[Stored items]
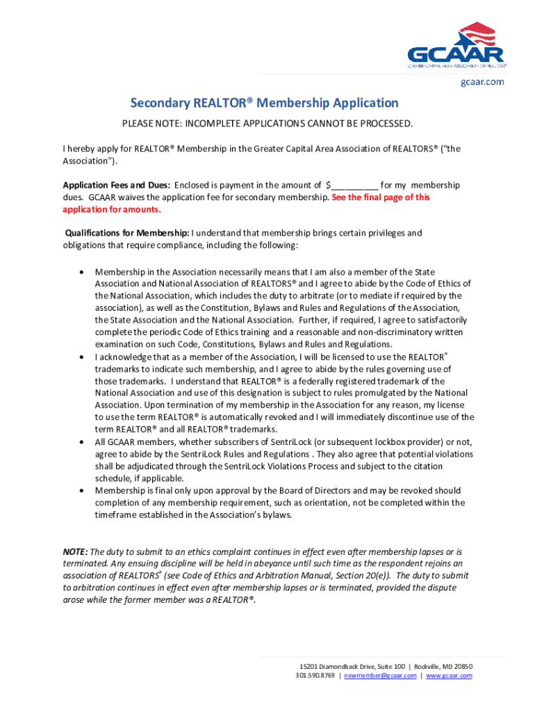 I hereby apply for REALTOR Membership in the Greater Capital Area Association of REALTORS (the
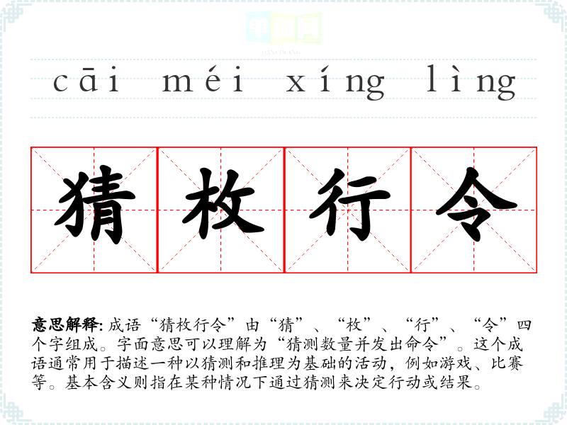 成语“猜枚行令”由“猜”、“枚”、“行”、“令”四个字组成。字面意思可以理解为“猜测数量并发出命令”。这个成语通常用于描述一种以猜测和推理为基础的活动,例如游戏、比赛等。基本含义则指在某种情况下通过猜测来决定行动或结果。
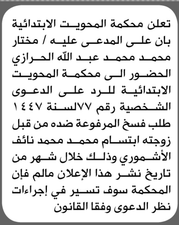 تعلن محكمة المحويت أن على المدعى عليه مختار محمد الحرازي الحضور إلى المحكمة إعلاناتمحاكم On يناير 9, 2026 Share Share FacebookTwitterWhatsAppTelegramGoogle+البريد الإلكترونيPrint
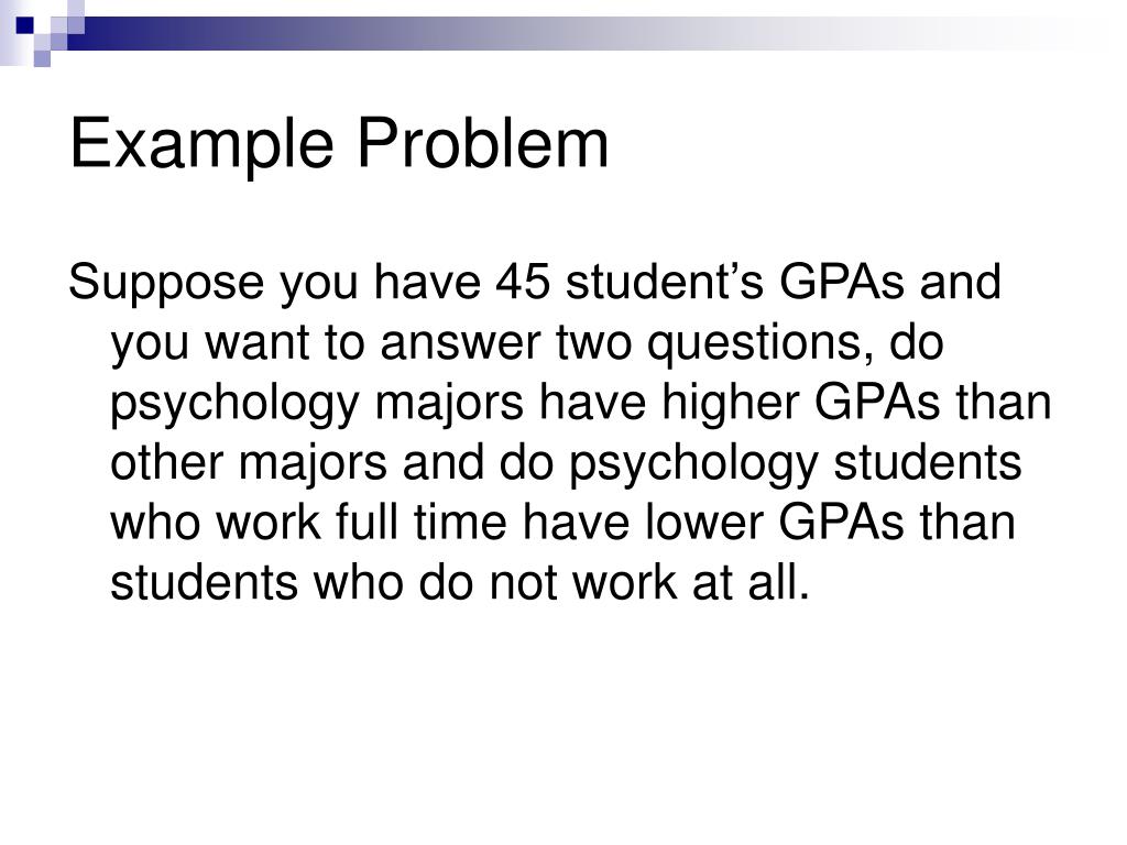 Example Problem Suppose you have 45 student’s GPAs and you want to answer two questions, do psychology majors have higher GPAs than other majors and do psychology students who work full time have lower GPAs than students who do not work at all.
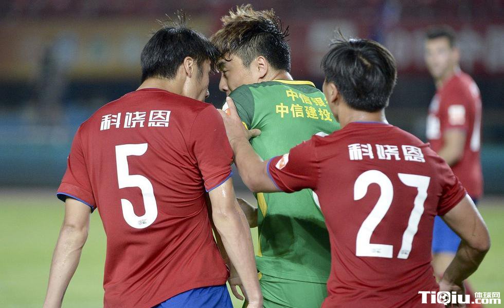 裁判出示第一张黄牌后,国安球员不满裁判判罚,与其进行商讨。
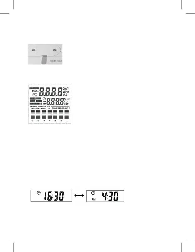 pārslēgt uz 12 stundu režīmu, vienlaikus turiet nospiestas pogas “HISTORY” un “ENER-
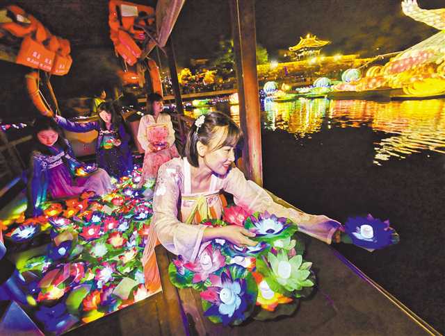 8月22日,榮昌區(qū)萬靈古鎮(zhèn),身著夏布漢服的女孩在瀨溪河上放河燈許心愿。當(dāng)日,榮昌第七屆七夕河燈旅游文化節(jié)開幕,本屆旅游文化節(jié)分為夏夜運動、室內(nèi)外音樂節(jié)、淘寶集市、點亮繁星四大板塊,將傳統(tǒng)與流行相結(jié)合,讓市民在歡度周末的同時感受傳統(tǒng)文化的魅力。首席記者 崔力 攝/視覺重慶
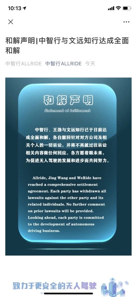 5月11日,无人驾驶草创公司中智行、文远知行别离发布声明,称中智行、王劲和文远知行已于日前达到全面宽和,各自撤回针对对方公司及相关个人的悉数诉讼,并将不再就过往诉讼相关联的内容做任何回应。
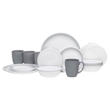 Winter Frost White set includes 20 pieces total, including four (4) sets of each: 10-1/4-inch dinner plates, 6-3/4-inch bread plates, 18-ounce soup/cereal bowls with BPA-free storage lids, and 11-ounce stoneware mugs
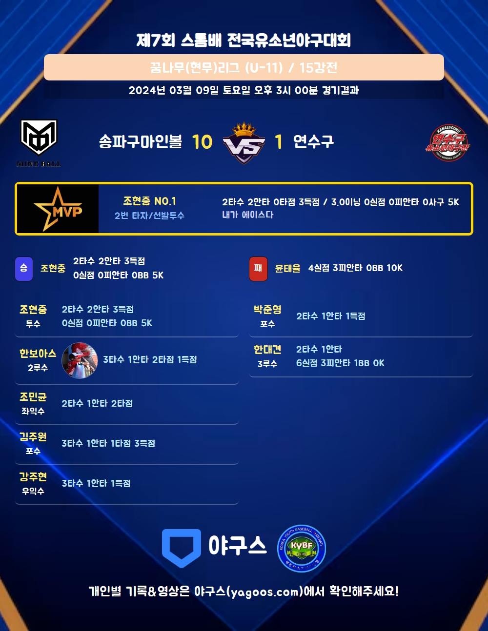 | 1 | 조현중(1) | 승 | - | 10 | 0 | 0 | 0 | - | 5 | 32 | 0 | 0 | 0.00 |
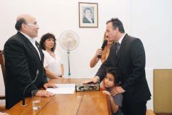 | Rafael Sachetto jura ante Escamilla. Será el jefe del bloque. En la siguiente foto, Accastello felicita a Graciela Zayas. Y en la última, Liliana Ghisolfi recibe el afecto de sus compañeras |
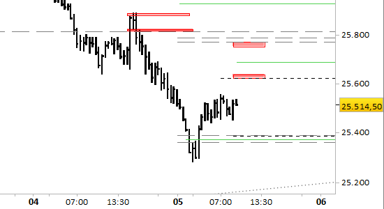 La posizione short aperta ieri a 25682.75 è stata chiusa sul target principale a 25511.00.
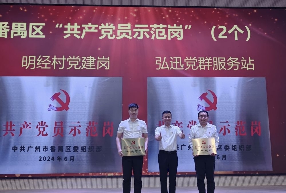大会还对16名优秀共产党员、10名优秀党务工作者以及9个先进基层党组织进行了表彰,并为获评区级“共产党员示范岗”的明经村和弘迅电梯颁发党员示范岗牌匾。
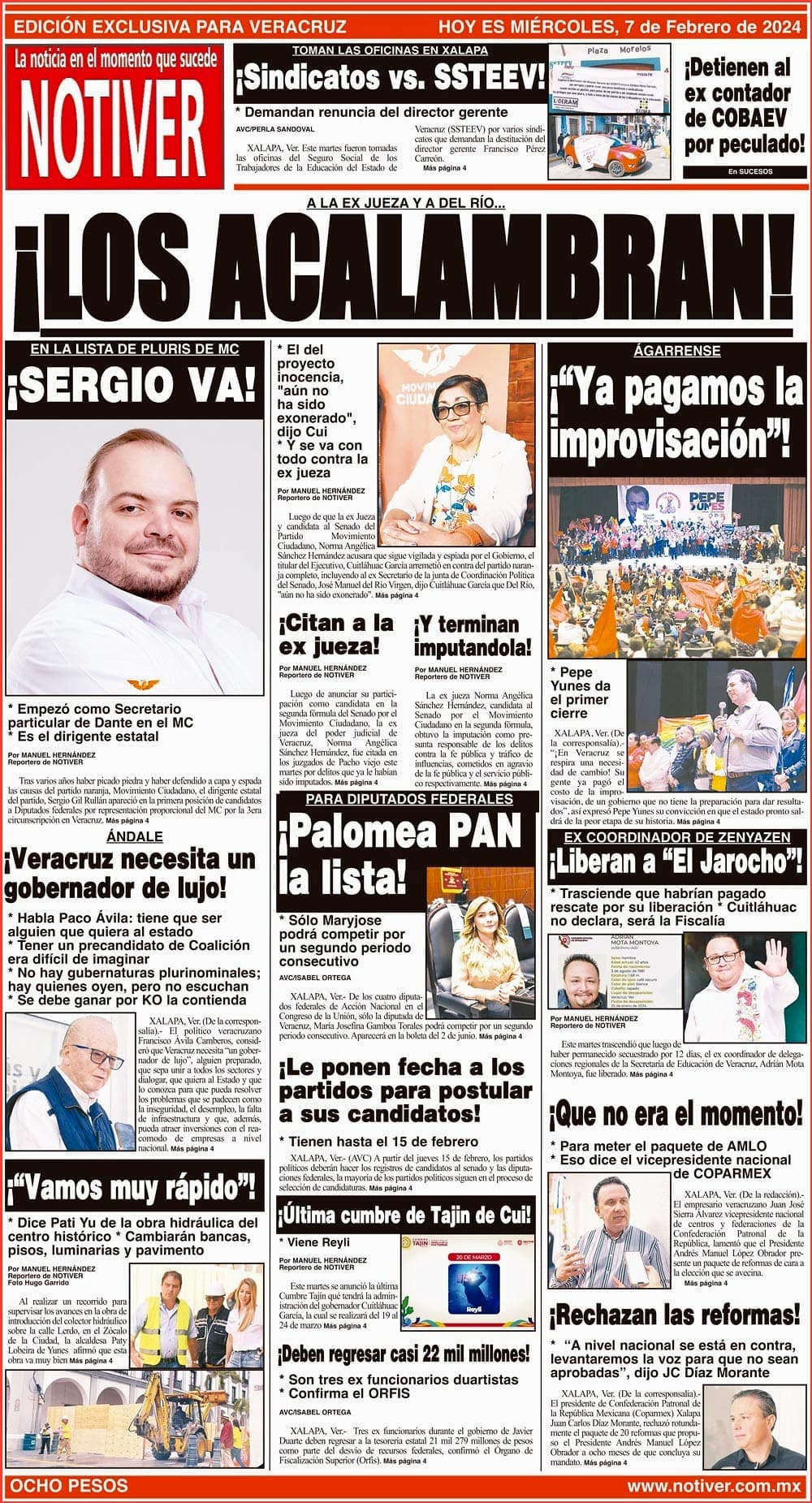 PRIMERA LA PORTADA - MIÉRCOLES 7 DE FEBRERO 2024 A LA EX JUEZA Y A DEL RÍO... - * EL DEL PROYECTO INOCENCIA, "AÚN NO HA SIDO EXONERADO", DIJO CUI * Y SE VA CON TODO CONTRA LA EX JUEZA 7 febrero 2024 Y LOS ANUNCIOS...Cotice su Anuncio Su Correo Electrónico: Texto: Enviar
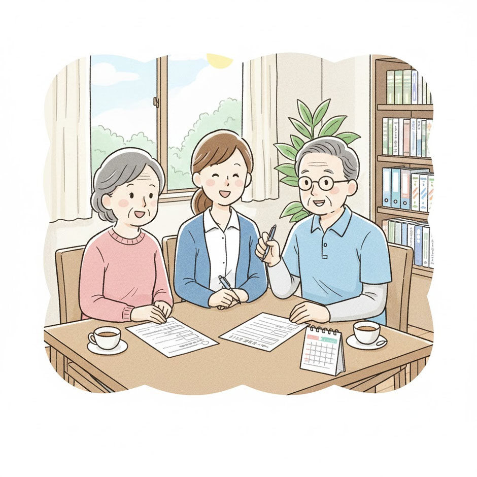 介護支援専門員(ケアマネージャー)が要介護者や家族の相談に応じたり、適切なサービスを利用できるよう、市や介護サービス事業者と連絡・調整を行います。
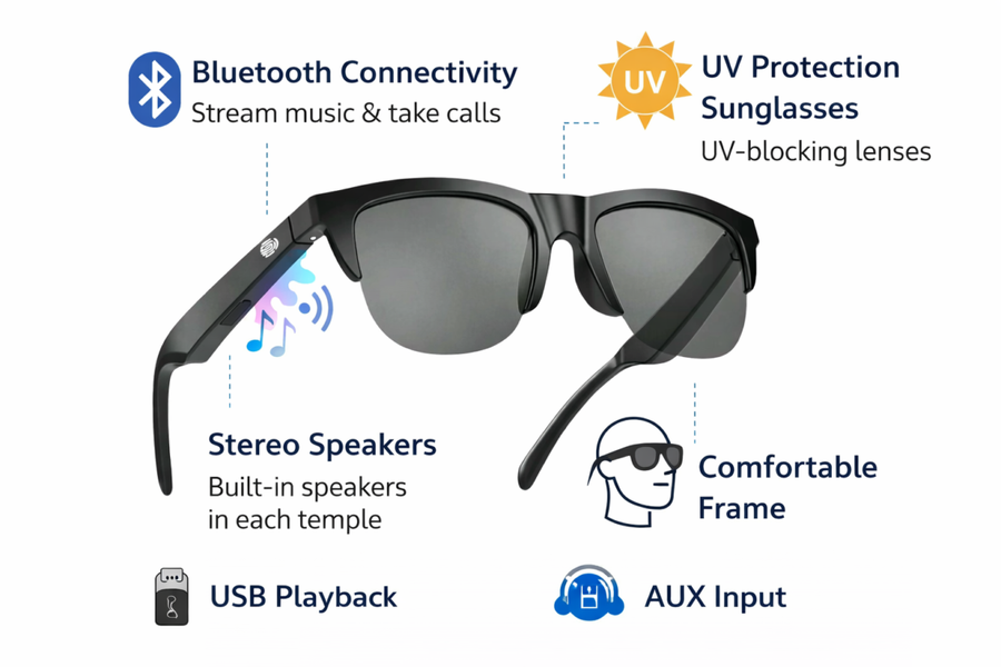 Enjoy music and take calls without wearing traditional earphones. These Bluetooth Glasses Wireless Headset combine stylish sunglasses with built-in wireless speakers and a microphone for hands-free convenience.
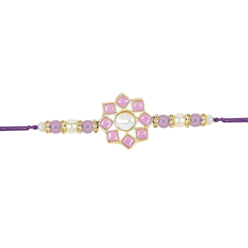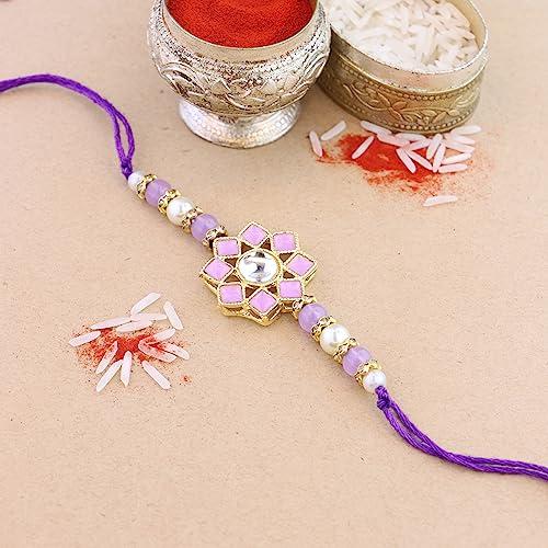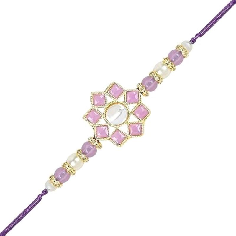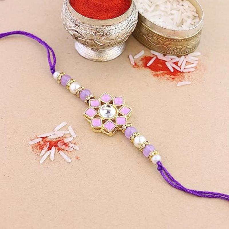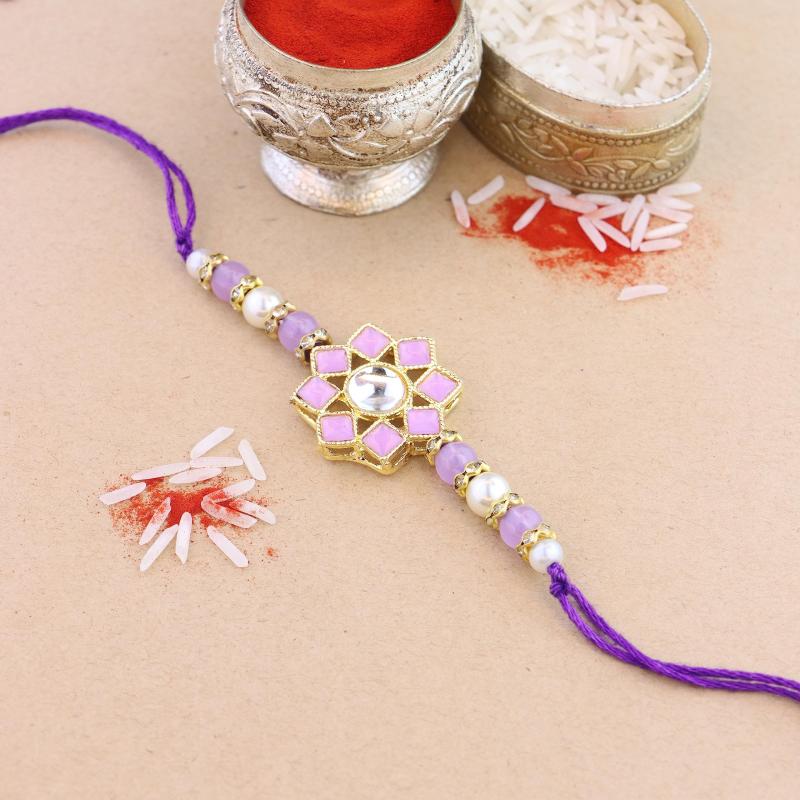 Beautifully crafted Pearl & Kundan Bhaiya Rakhi for brother with Roli Chawal and Rakshabandhan card. Express your love and bond with this exquisite Rakhi.

> _Problem to solve_
The images are to be left out while the entries are written out exactly.

> _Exercise response_
 I hereby apply for REALTOR Membership in the Greater Capital Area Association of REALTORS (the
 成语“猜枚行令”由“猜”、“枚”、“行”、“令”四个字组成。字面意思可以理解为“猜测数量并发出命令”。这个成语通常用于描述一种以猜测和推理为基础的活动,例如游戏、比赛等。基本含义则指在某种情况下通过猜测来决定行动或结果。
 تعلن محكمة المحويت أن على المدعى عليه مختار محمد الحرازي الحضور إلى المحكمة إعلاناتمحاكم On يناير 9, 2026 Share Share FacebookTwitterWhatsAppTelegramGoogle+البريد الإلكترونيPrint
 Example Problem Suppose you have 45 student’s GPAs and you want to answer two questions, do psychology majors have higher GPAs than other majors and do psychology students who work full time have lower GPAs than students who do not work at all.
 裁判出示第一张黄牌后,国安球员不满裁判判罚,与其进行商讨。
 pārslēgt uz 12 stundu režīmu, vienlaikus turiet nospiestas pogas “HISTORY” un “ENER-
 8月22日,榮昌區(qū)萬靈古鎮(zhèn),身著夏布漢服的女孩在瀨溪河上放河燈許心愿。當(dāng)日,榮昌第七屆七夕河燈旅游文化節(jié)開幕,本屆旅游文化節(jié)分為夏夜運動、室內(nèi)外音樂節(jié)、淘寶集市、點亮繁星四大板塊,將傳統(tǒng)與流行相結(jié)合,讓市民在歡度周末的同時感受傳統(tǒng)文化的魅力。首席記者 崔力 攝/視覺重慶
 5月11日,无人驾驶草创公司中智行、文远知行别离发布声明,称中智行、王劲和文远知行已于日前达到全面宽和,各自撤回针对对方公司及相关个人的悉数诉讼,并将不再就过往诉讼相关联的内容做任何回应。
 Winter Frost White set includes 20 pieces total, including four (4) sets of each: 10-1/4-inch dinner plates, 6-3/4-inch bread plates, 18-ounce soup/cereal bowls with BPA-free storage lids, and 11-ounce stoneware mugs
 | 1 | 조현중(1) | 승 | - | 10 | 0 | 0 | 0 | - | 5 | 32 | 0 | 0 | 0.00 |
 | Rafael Sachetto jura ante Escamilla. Será el jefe del bloque. En la siguiente foto, Accastello felicita a Graciela Zayas. Y en la última, Liliana Ghisolfi recibe el afecto de sus compañeras |
 La posizione short aperta ieri a 25682.75 è stata chiusa sul target principale a 25511.00.
大会还对16名优秀共产党员、10名优秀党务工作者以及9个先进基层党组织进行了表彰,并为获评区级“共产党员示范岗”的明经村和弘迅电梯颁发党员示范岗牌匾。
 PRIMERA LA PORTADA - MIÉRCOLES 7 DE FEBRERO 2024 A LA EX JUEZA Y A DEL RÍO... - * EL DEL PROYECTO INOCENCIA, "AÚN NO HA SIDO EXONERADO", DIJO CUI * Y SE VA CON TODO CONTRA LA EX JUEZA 7 febrero 2024 Y LOS ANUNCIOS...Cotice su Anuncio Su Correo Electrónico: Texto: Enviar
 介護支援専門員(ケアマネージャー)が要介護者や家族の相談に応じたり、適切なサービスを利用できるよう、市や介護サービス事業者と連絡・調整を行います。
 Enjoy music and take calls without wearing traditional earphones. These Bluetooth Glasses Wireless Headset combine stylish sunglasses with built-in wireless speakers and a microphone for hands-free convenience.
 Beautifully crafted Pearl & Kundan Bhaiya Rakhi for brother with Roli Chawal and Rakshabandhan card. Express your love and bond with this exquisite Rakhi.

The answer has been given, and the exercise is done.